GIVEN INFORMATION:
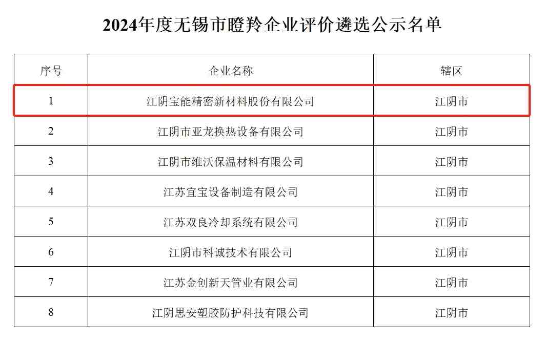 公司擁有多項企業(yè)榮譽(yù)資質(zhì):“江蘇省民營科技企業(yè)”、“江陰市切割硅片用超高強(qiáng)微絲工程技術(shù)研究中心”、“江蘇省科技型中小企業(yè)”、“無錫市創(chuàng)新型中小企業(yè)”。在全體寶能人的努力探索、奮勇爭先下,在各項榮譽(yù)資質(zhì)的加持下,公司已發(fā)展成為金剛石線繩切割行業(yè)骨架材料全方案核心供應(yīng)商。
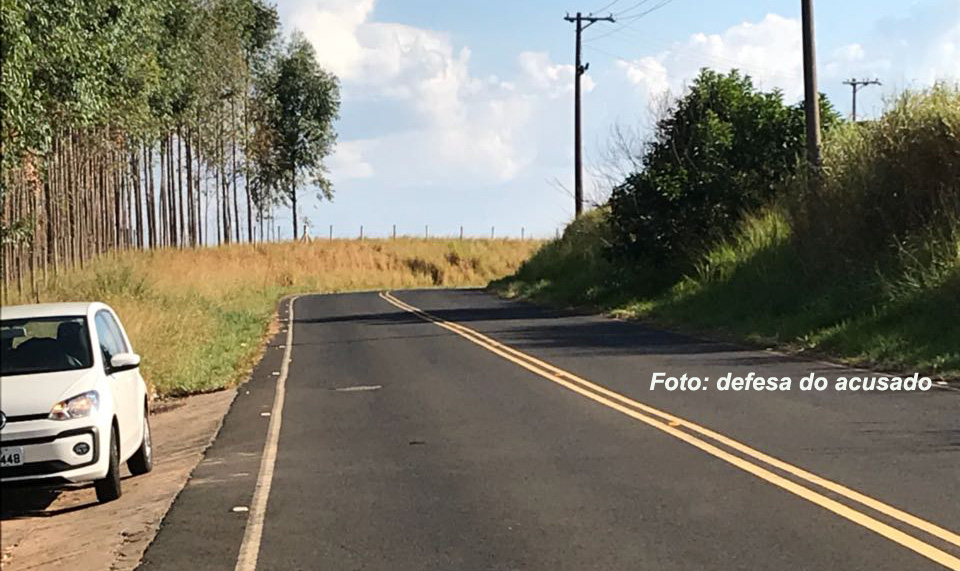 Ari relata que na estrada vicinal foi surpreendido com o carro do acusado do acidente (um UP, placas de Marília) que fazia zigue-zague na pista.
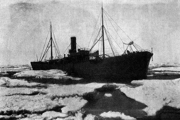 В 1899 году пароходы, шедшие в Карское море, встретили лед на значительном расстоянии к западу от Югорского Шара. Рисунок в тексте сделан с фотографии, снятой в то время. – Прим. С.О.М.
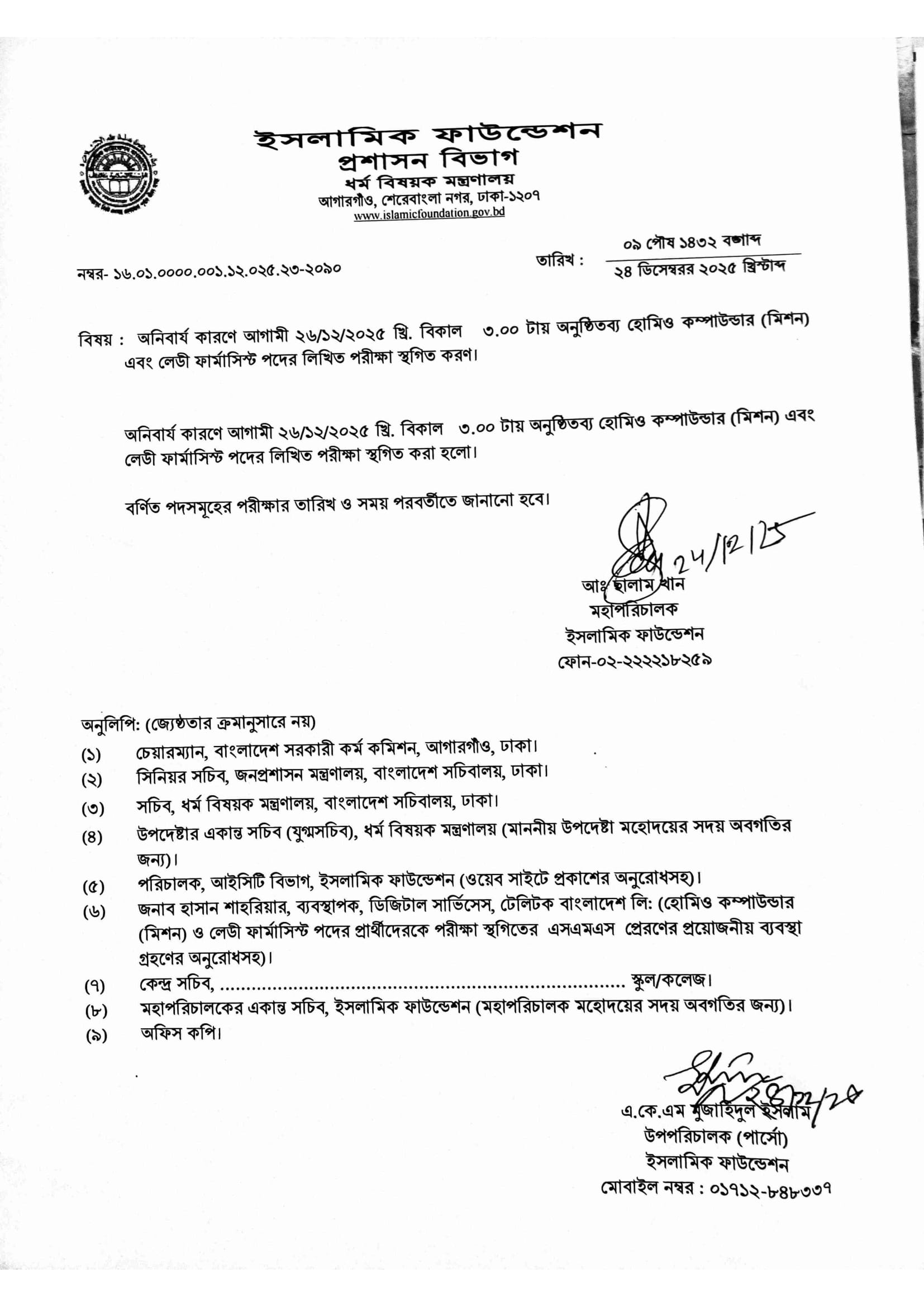 Islamic Foundation Exam Postponed Notice 2025 PDF 1

ACTION ITEM: No pictures should appear in the copy. Print exactly the lines above from the line containing "Ari relata que" through the last line of the data.

ANSWER SPACE:
 Ari relata que na estrada vicinal foi surpreendido com o carro do acusado do acidente (um UP, placas de Marília) que fazia zigue-zague na pista.
 В 1899 году пароходы, шедшие в Карское море, встретили лед на значительном расстоянии к западу от Югорского Шара. Рисунок в тексте сделан с фотографии, снятой в то время. – Прим. С.О.М.
 Islamic Foundation Exam Postponed Notice 2025 PDF 1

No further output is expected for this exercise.